After running the experiments, the results are cached in the directory: `/tmp/dir`, as specified in the configurations. The results directory follows these structures:

```
- dir
    - experiment_<experiment_id>
        - <trial1_id>
          - best_checkpoints/
          - checkpoints/
          - dashboard/
          - config.yaml
          - metadata.json
          - results.json
          - train.log
        - <trial2_id>
        - <trial3_id>
        - ...
        - <experiment_id>_optuna.db
        - <experiment_id>_state.db
        - default_config.yaml
        - mp.log
```

To utilize the results, here are some detailed explations to introduce these files directories:

- `default_config.yaml`: the overrall configurations for model, training and hyperparameters tuning
- `train.log`: console infomation during the training process
- `results.json`: metrics of the model during & after the training process
- `config.yaml`: specific configurations for each trial, including the trail hyperparameters
- `checkpoints/`: directory to cache the training checkpoints and trained models
- `dashboard/`: directory to cache the metrics data for Tensorboard visualization

In the folling section, we will use Tensorboard to visualize the results from different trials.

### Tensorboard visualization

To utilize the Tensorboard, we load Tensorboard extension and then input each data directory into the Tensorboard and launch it.

In [None]:
import tensorflow as tf

# Load the TensorBoard extension
%load_ext tensorboard

In [15]:
from tensorboard import notebook

# Load TensorBoard with multiple directories
notebook.start(f"--logdir {EXPERIMENT_DIR}")

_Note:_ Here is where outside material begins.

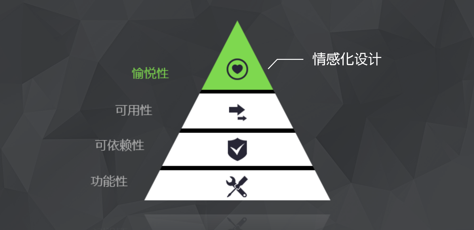 《情感化設(shè)計心理學(xué)中》作者唐納德·諾曼將情感化設(shè)計與馬斯洛的人類需求層次理論聯(lián)系了起來 產(chǎn)品特質(zhì)也可以被劃分為功能性、可依賴性、可用性和愉悅性這四個從低到高的層面,而情感化設(shè)計則處于其中最上層的“愉悅性”層面當(dāng)中。

Reusing TensorBoard on port 6006 (pid 2424198), started 0:00:09 ago. (Use '!kill 2424198' to kill it.)

### Results analysis

Tensorboard gives us a clear visual on the performance of our model under different hyperparameter, to be specific, the momentum values of SGD optimizer.

When the momentum is set to be `0.027` and `0.044`, the model can have a overrall best performance, both on the training set and on the validations set. Higher or lower momentum values may both lead to a poorer performance to our LeNet-5 model on the MNIST dataset.